Circle K officials, who would not comment for this story, have opted for the cheaper version of what Lucas has to offer: officers who look like real cops, but who don't have the training or experience.
Besides pay, training is another critical issue as dozens of new guards are put into public places. Aside from requiring that armed guards receive eight hours of firearms training from a DPS-certified instructor, there are no other formal requirements mandated by the state.
By way of comparison, most police receive 900 hours of training, of which 80 hours are in firearms, while going through the academy. Once out of the academy, they receive 16 hours of refresher firearms training annually.
All of the companies interviewed for this story, including Frederick's, say they hire only qualified people and train them thoroughly. Edmundson touts his company's training requirements, saying the agency gives its new guards 72 hours' worth and runs extensive background checks.
That may be the case, but the fact is, no one really knows for sure. DPS' Turner says review and oversight of security companies are lax. She points to a single sheet of paper titled "Security Guard Training Program," which lists such categories as first aid, firearms, laws of arrest, search and seizure and criminal law.
Applicants are asked to fill in the blanks, listing the kinds of training their guards receive, as well as duration of training. They are required to have it signed and notarized before returning it to DPS.
"Basically, we're just having to take their word for it," Turner says.
Training horror stories abound. Edmundson tells of classes in which guards were asked to identify the parts on a gun before firing off a clip, first with their right hand, then their left.
"And that was your firearms training," Edmundson says.
DPS also is responsible for ensuring agencies carry liability insurance, and for running background checks on applicants.

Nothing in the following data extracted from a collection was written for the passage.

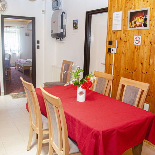 - Szolgáltatások: Borkóstolás, Saját kerékpártároló, Tárcsán sütés-főzés, Grillezési lehetőség, Bográcsozási lehetőség, Szalonnasütési lehetőség, Bébiétel melegítési lehetőség, Gyerekágynemű, Túra lehetőségek, Kiságy, Kerthelyiség, Saját parkoló, Wifi a közösségi terekben, Asztali etetőszék, Babajátékok, Játszótér, Hordozható kiságy, Fürdetőkád, Vezetékes internet a közösségi terekben, Medence, Internet, Medencék, Szabadtéri medence, Hajszárító, Hűtőszekrény, WIFI, Íróasztal, Televízió (képcsöves), Mikrohullámú sütő, Tea-/kávéfőző, Ventilátor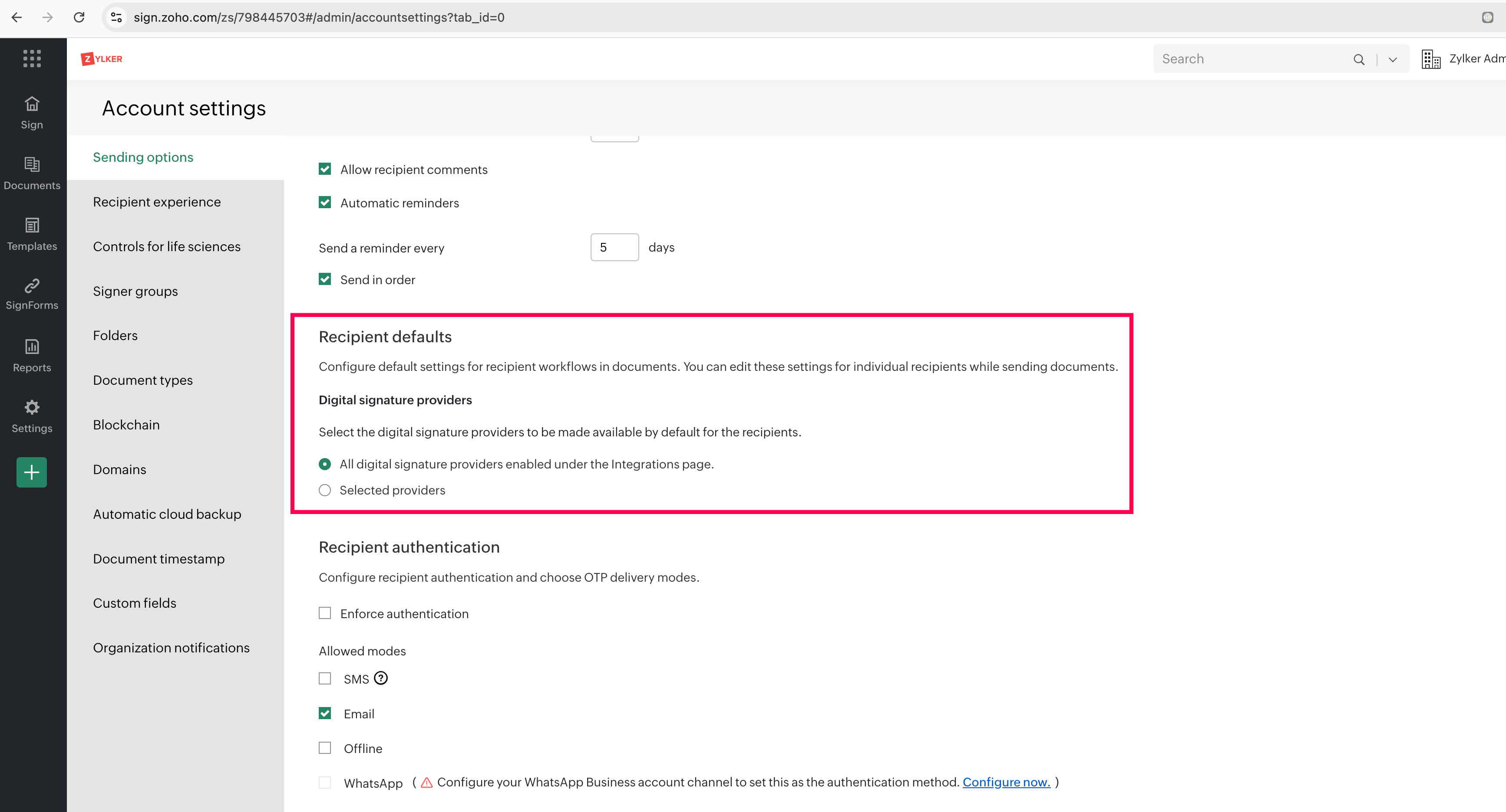 Administrators can configure default digital signature providers for recipient workflows in document. To do so: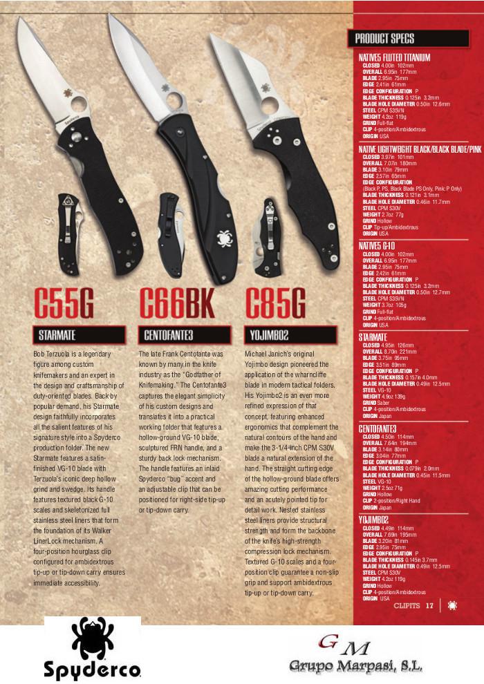 C55G - Cuchillo táctico plegable Spyderco Starmate.C66BK - Cuchillo táctico plegable Spyderco Centfante3.C85G - Cuchillo táctico plegable Spyderco Yojimbo2.
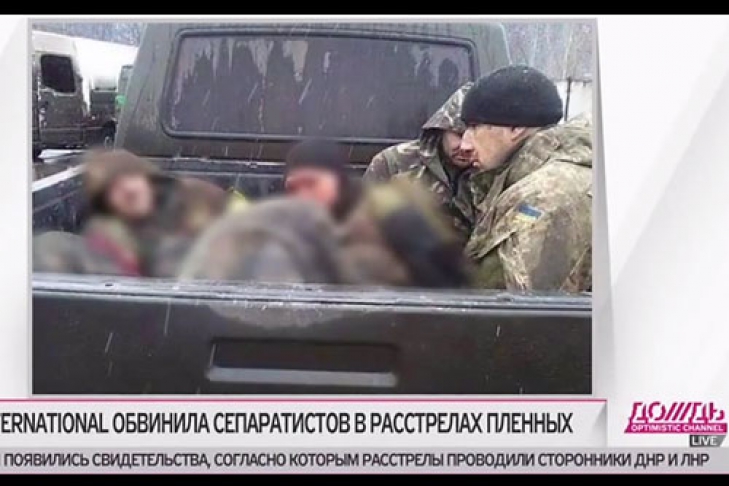 Журналист Тимур Олевский узнал о расстрелах украинских военнопленных. Кроме эпизода на "параде пленных" он обратил внимание на запись боевиков, на которой показан грузовик с украинцами, который захватили пророссийские силы. На нем видно как превосходящие по количеству боевики убивают раненого украинского бойца. Это при том, что один из террористов выступает против убийства, но другой его не слушает, после чего слышны выстрелы.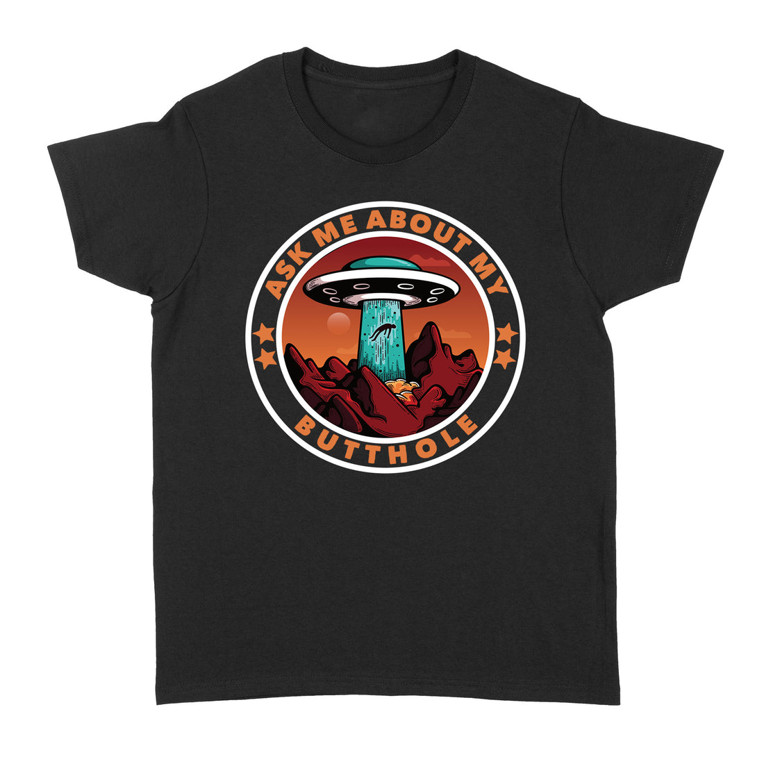 Ask Me About My Butthole Funny UFO Alien Abduction Gift T-Shirt - Standard Women's T-shirt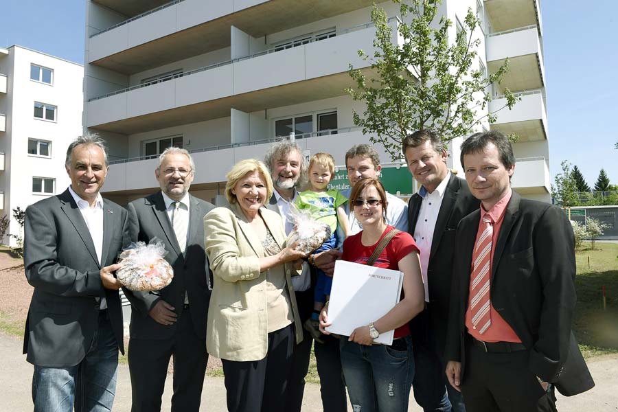 64 Wohneinheiten wurden auf dem ehemaligen ASK-Fußballplatz in der Ebentaler Straße gegenüber dem Schulzentrum St. Peter von der gemeinnützigen Wohnbaugenossenschaft „Fortschritt“ errichtet, die auch die Verwaltung der Gebäude übernehmen wird. Bei der Schlüsselübergabe der ersten 38 Wohnungen sprach Bürgermeisterin Mathiaschitz den Fortschritt-Direktoren Franz Armbrust und Wolfram Stöby sowie Baumeister Ing. Erich Schöffmann besonderen Dank aus.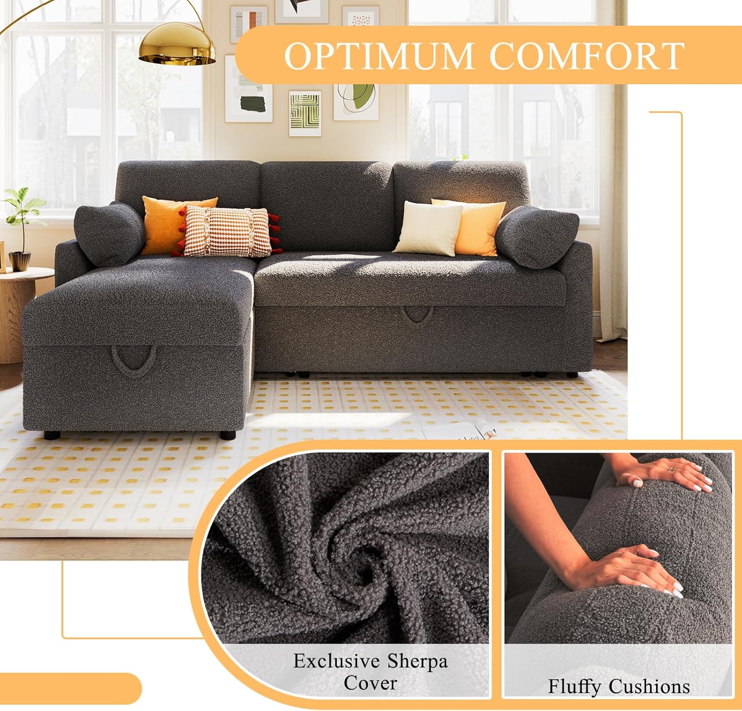 VanAcc Sofa Bed, Sleeper Sofa with Storage Chaise- 2 in 1 Pull Out Couch Living Room, Comfy Sleeper Couch, Grey Boucle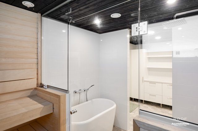 Tervetuloa As Oy Oulun Metsäretkeen, tähän vuonna 2018 valmistuneeseen yhtiöön! Asuntoon on tehty rakennusvaiheessa todella runsaalla kädellä muutostöitä. Koko Puustellin laadukas keittiö on räätälöity toiveiden mukaan, kuivien tilojen lattiat ovat joko kalanruotokuvioista laminaattia tai laattaa, eivätkä pesutilatkaan ole säästyneet muutostöiltä. Molemmista kerroksista löytyy kylpyhuoneet ja alakerrassa sijaitsee myös erillinen wc sekä kodinhoitohuone.

According to state law, anyone convicted of a felony, or of a crime involving fraud, physical violence, illegal sexual conduct or the illegal use or possession of a deadly weapon, cannot run an agency or work as a guard, unless he has had his civil rights--i.e., the right to vote, serve as a juror, hold public office or carry weapons--restored by the courts after successfully serving his sentence.

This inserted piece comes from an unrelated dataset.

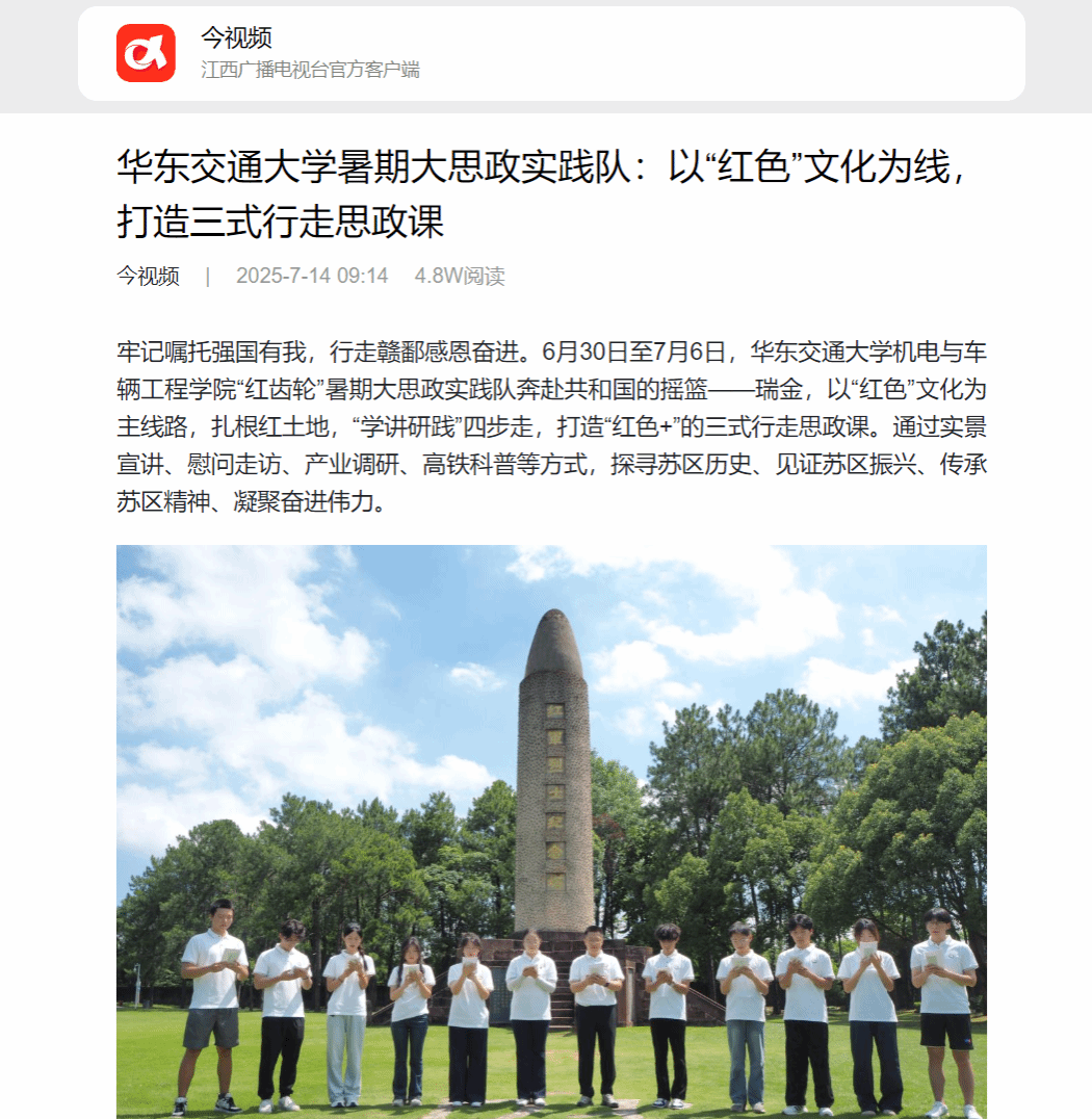 牢记嘱托强国有我,行走赣鄱感恩奋进。6月30日至7月6日,beat365正版唯一官网必一机电与车辆工程学院“红齿轮”暑期大思政实践队奔赴共和国的摇篮——瑞金,以“红色”文化为主线路,扎根红土地,“学讲研践”四步走,打造“红色+”的三式行走思政课。通过实景宣讲、慰问走访、产业调研、高铁科普等方式,探寻苏区历史、见证苏区振兴、传承苏区精神、凝聚奋进伟力。

The law also prohibits people convicted of drug-related offenses or theft within the last five years from working in security. Those on parole, or who have outstanding arrest warrants, are also disqualified.
Security-guard criteria are much more lax than those for police officers, who undergo polygraphs, drug screenings and psychological evaluations.
Nationally, security-guard regulation varies greatly, depending on the state. Some, like Connecticut, have no licensing or regulatory requirements, while others, like New York, have tougher requirements.
In New York, guards are supposed to undergo 47 hours of firearms training before they can carry guns. Yet even there, people have found ways to get around it. Recently, the co-owner of a security-guard training school was arrested for issuing a diploma to an undercover investigator who was given only four hours of weapons training.
Edmundson says the industry is crying out for stricter regulation, and an end to the "rent-a-cop" mentality. Specifically, he says, he'd like to see beefed-up training requirements, and he'd like to see the state take steps to ensure those requirements are met.
Others take a more sedate view.
"We have some regulation--granted, it's not the strictest, but at least we have some minimums, compared to other states," says Jay Jennings, executive vice president of Safeguard Security Services. "And as a businessman, I can see where Jim [Edmundson] is coming from. If you raise the level of the playing field, you make it harder for the new companies to break into the business.